Which is what you need to do. When the story starts to wander, resist the urge to squirm and allow yourself to wander with it. There’s a lot to enjoy. The scenery is beautiful, the acting is solid (many of those in the cast are first-time thespians), the story — a cautionary tale about the dangers of coveting one of your brother’s wives — is involving, and there are numerous moments of bawdy humor. Too many stories involving aboriginal people are strident tragedies. Ten Canoes dares to tell its rich tale without tub-thumping. It’s very good.

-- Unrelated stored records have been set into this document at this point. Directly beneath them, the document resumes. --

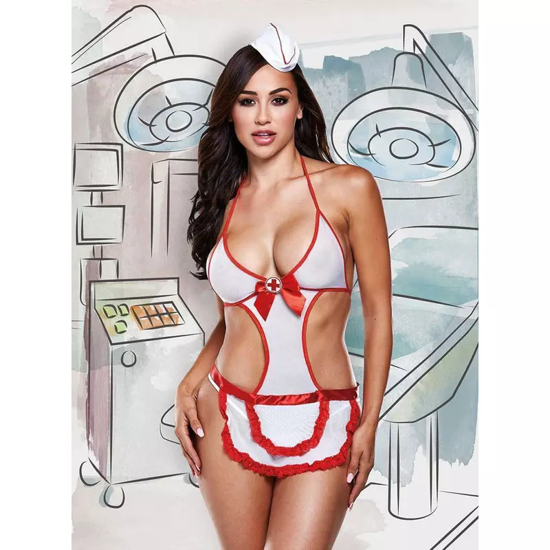 Le devant est orné d’un magnifique noeud rouge et d’une croix de premiers secours. La partie arrière et le look révélateur du dos-nu ainsi que le bonnet d’infirmière espiègle assureront un rétablissement rapide à votre partenaire.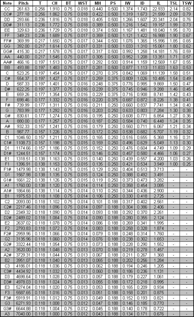 | WST | Windsheet Thickness | TSL | Tuning Slot Length |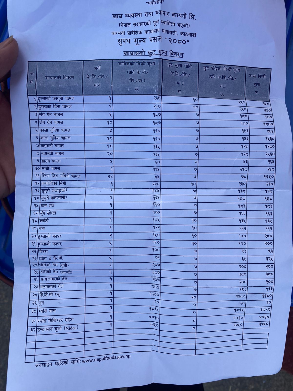 काठमाडौँ । दशैं, तिहार, छठलगायत चाडपर्वलाई लक्षित गर्दै सरकारले आइतबादेखि काठमाडौं उपत्यकासहित देशभर सुपथ मूल्य पसल सञ्चालनमा ल्याएको छ ।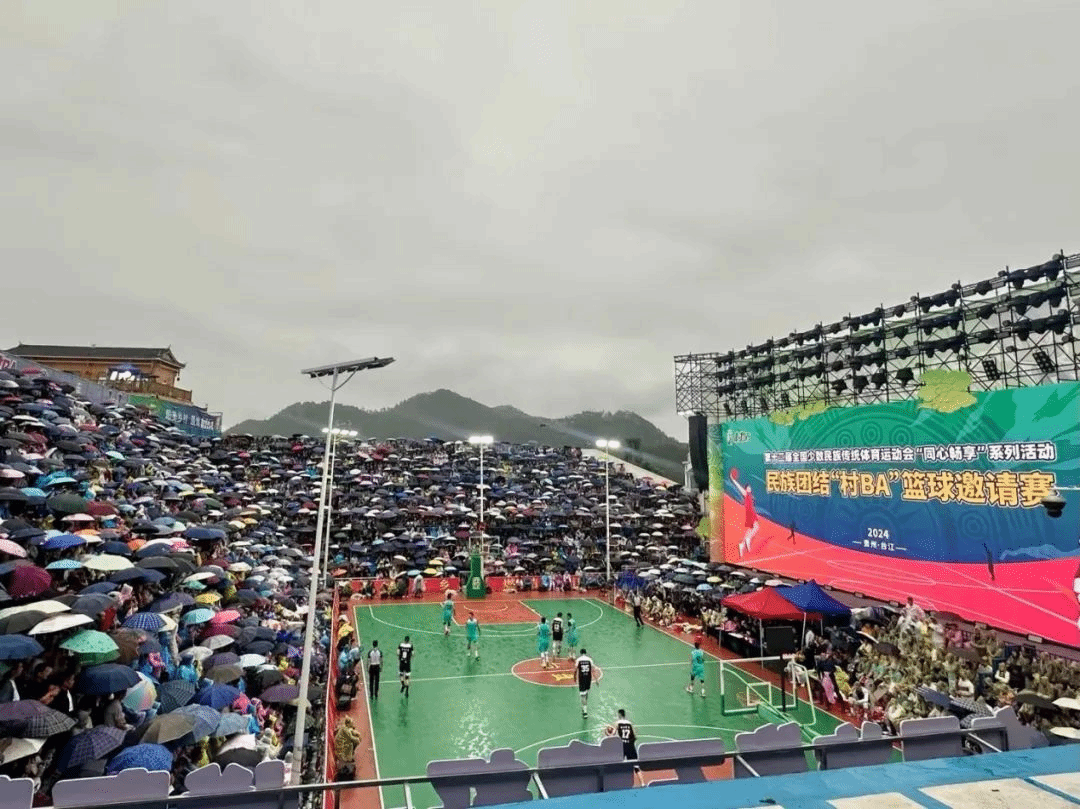 ▲2024年全國(guó)民族團(tuán)結(jié)“村BA”籃球邀請(qǐng)賽期間,雨中的臺(tái)盤(pán)鄉(xiāng)籃球賽場(chǎng)。(圖片來(lái)源:貴州省民宗委)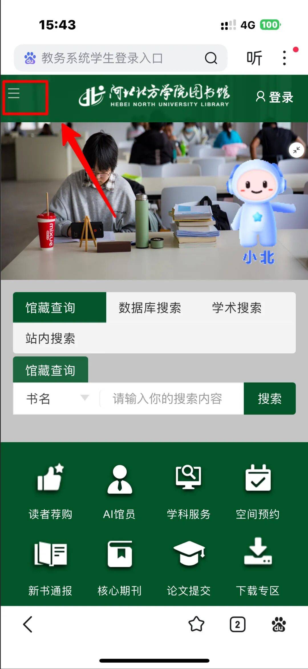 一、手机端打开“河北北方学院图书馆”主页,标,再点击“校外访问”,进行登录。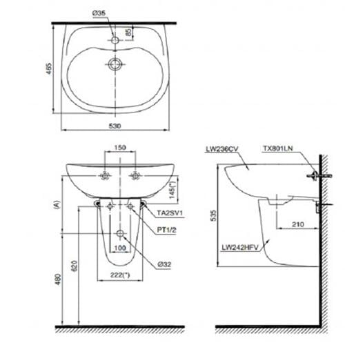Thông số kỹ thuật của chậu lavabo chân lửng treo tường LHT236C
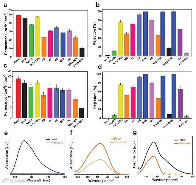 在截流分离性能方面,Na2SO4 (10.7%)、NaCl (1.8%) 截留率较低,但K3[Fe(CN)6] 截留率达70%;此外复合膜在分离带负电荷染料方面展现出优异的截留率,BBR截留率> 99%、苯胺蓝> 93%、碱性品红>70%;同时,对MO、结晶紫等也具有中等的截留率。在从水中选择性分离染料和盐混合物方面,BBR截留率>99%、NaCl截留率为16-18%;在分离不同染料混合物方面,BBR >95%、 MO >45%;复合膜整体分离性能优异。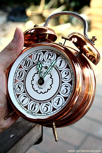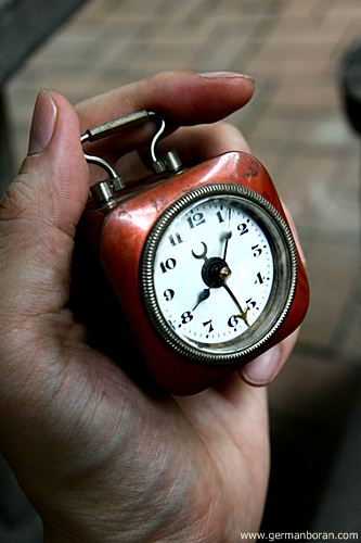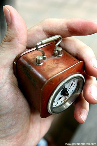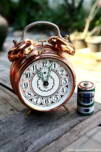 รหัส: D2_28 ข้อมูล: นาฬิกาปลุกเยอรมันโบราณ แบบไขลาน รุ่นช่วงปี 191x-2x ขนาดจิ๋วหลิว 4x4cm. หน้ากระเบื้อง ตัวเรือนสีทองแดง สภาพสวยๆ คลาสสิคๆ น่ารัก น่าสะสมสุดๆๆๆ ครับ  :-*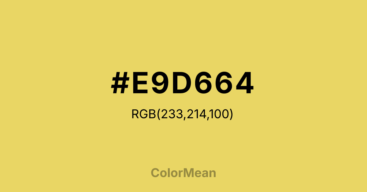 #E9D664 RGB value is (233, 214, 100). The hex color red value is 233, green is 214, and blue is 100. Its HSL format shows a hue of 51°, saturation of 75 percent, and lightness of 65 percent. The CMYK process values are 0 percent, 8 percent, 57 percent, 9 percent.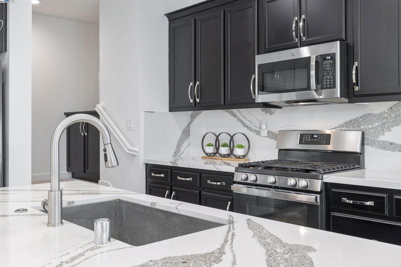 - Dishwasher, Gas Range, Microwave, Oven, Range, Refrigerator, Dryer, Washer, Electric Water Heater, Breakfast Bar, Counter - Solid Surface, Stone Counters, Disposal, Gas Range/Cooktop, Kitchen Island, Oven Built-in, Range/Oven Built-in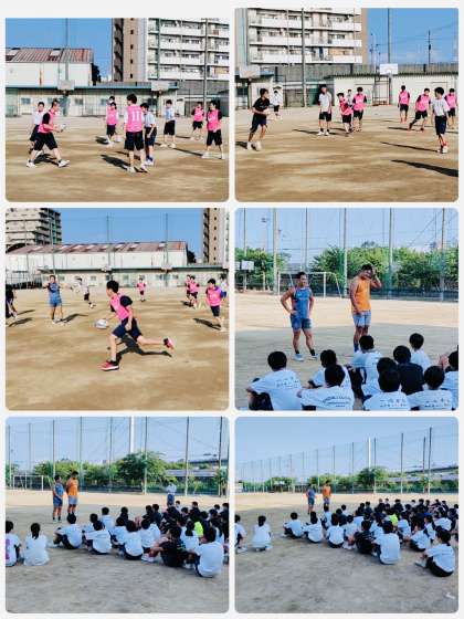 最後は試合形式で行いました。みんな初めてとは思えない動きで、上達の早さに驚きました。それぞれの部活の特徴が出ていて面白かったです。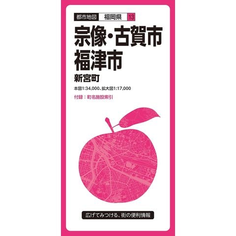 宗像市、古賀市、福津市、新宮町の全域を1 34、000図、中心部を1 17、000図で収録しています。点在する離島は位置関係を把握できるように広域図を設けました。裏面は書き込んで使える白地図となっています。別冊付録には町名索引と施設索引を収録し、役所、官公署、公共施設、学校などの検索に便利です。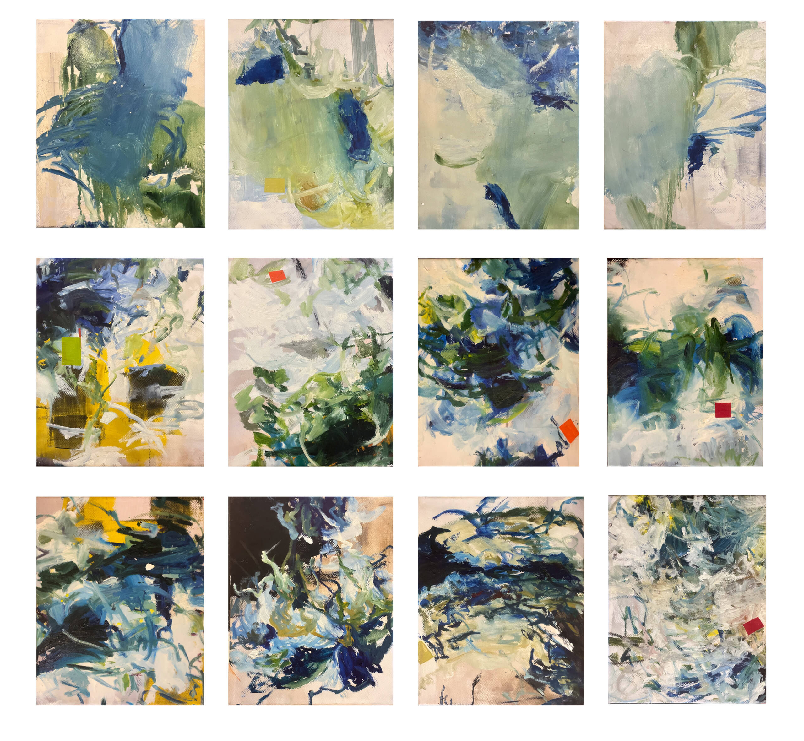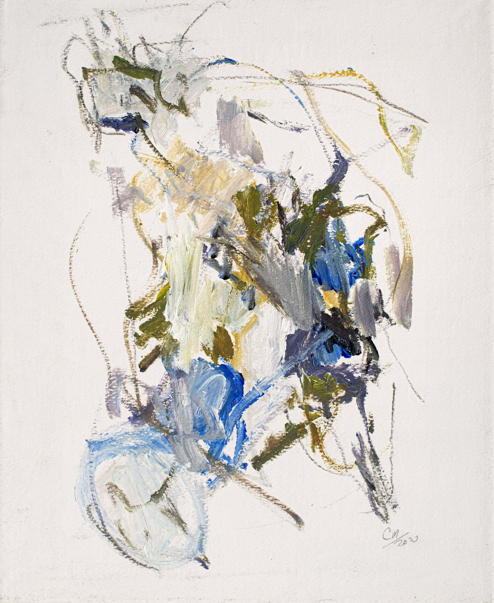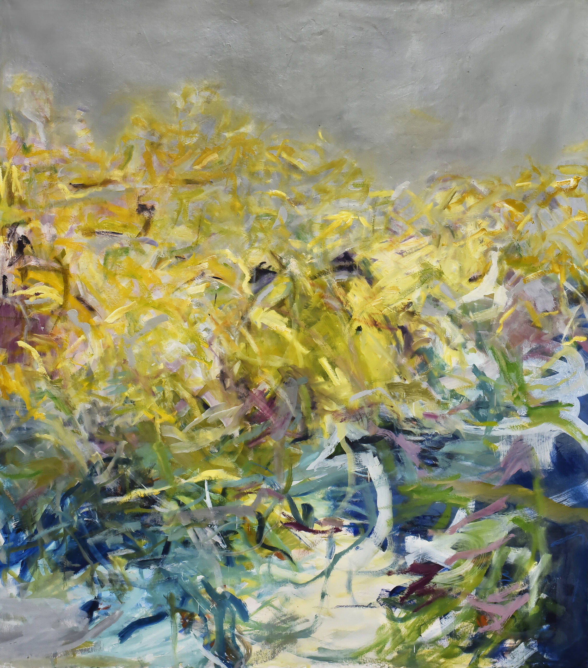 La pintura se vuelve un espacio de respiración. Cada gesto aparece sin apuro, guiado por la escucha y el tiempo propio de la materia. La obra se construye en ese entre, donde lo visible apenas se insinúa y donde algo mas profundo comienza a emerger.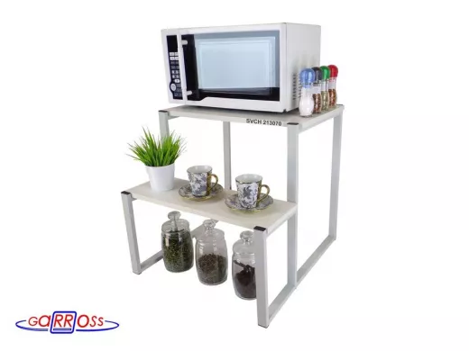 - Универсальная подставка для бытовой техники (микровоновой печи, кофемашины, тостера, электрического чайника и др) позволяет эффективно использовать место на столе.

David Sington’s In the Shadow of the Moon is an exceptional documentary covering the nine Apollo moon missions. Remember how thrilled we were when Neil Armstrong stepped foot on the lunar surface? Remember how we became bored with the subsequent missions? Shadow of the Moon never loses its enthusiasm, as the people involved — including most of the surviving astronauts (except the intensely private Armstrong) — tell their stories. The British production is beautifully assembled with lots of great footage and fascinating anecdotes. It’s hard to believe it took this long for someone to create such a documentary.

In the Shadow of the Moon left me feeling elated over the majesty of it all and sad because of the current pedestrian state of the space program. I wish the filmmakers had included more footage on the surface of the moon. I really wish they could have coaxed Neil Armstrong into talking. Regardless, In the Shadow of the Moon is a doozy, as is Ten Canoes.